(Vibiznews – Forex) Poundsterling ditutup melemah pada hari Selasa, karena penguatan dolar AS yang didorong oleh eskalasi militer di Timur Tengah.
Pasangan mata uang GBP/USD ditutup turun 0,41% pada 1,3375.
Dolar AS mendapat dukungan luas karena ketegangan di Timur Tengah terus meningkat, dengan minyak mentah Brent mencapai $90 per barel dan pasar semakin memperkirakan periode harga minyak yang tinggi dalam jangka panjang daripada lonjakan jangka pendek.

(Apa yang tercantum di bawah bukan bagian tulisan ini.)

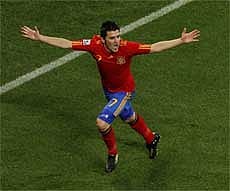 The Barcelona-bound striker saw his first shot blocked by Portugal goalkeeper Eduardo, but on the rebound, he coolly slotted home with his right foot.Portugal's only defensive weakness had been on its right flank, where Ricardo Costa struggled. He was sent off for elbowing Joan Capdevila in the 89th minute, stifling a late Portuguese drive.Spain will now play Paraguay in the quarterfinals on Saturday at Ellis Park.

Presiden AS Donald Trump telah berjanji akan membalas terhadap Iran setelah pembunuhan tiga anggota militer AS di Yordania, sementara militan Houthi mengancam akan memblokade Arab Saudi di Laut Merah.
Sore ini Inflasi tahunan Juni Inggris terealisir menurun, menekan mata uang Poundsterling.
Tingkat inflasi tahunan di Inggris Raya melambat menjadi 2,6% pada Juni 2026 dari 2,8% pada Mei, lebih lambat dari perkiraan penurunan menjadi 2,7%.
Ini menandai angka terendah sejak Maret 2025, didorong oleh moderasi inflasi transportasi (5,7% vs. 6,8% pada Mei), dengan kontribusi penurunan terbesar berasal dari bahan bakar kendaraan bermotor, khususnya solar.
Analyst Vibiz Research Center memperkirakan untuk perdagangan selanjutnya, mata uang Poundsterling dapat bergerak turun terpicu konflik Timur Tengah yang menguatkan harga minyak dan menekan Poundsterling. Demikian juga inflasi tahunan Juni Inggris yang turun, menekan mata uang Poundsterling. Pasangan mata uang GBP/USD diperkirakan bergerak dalam kisaran Support 1.3338-1.3301. Namun jika naik, akan bergerak dalam kisaran Resistance 1.3434-1.3301.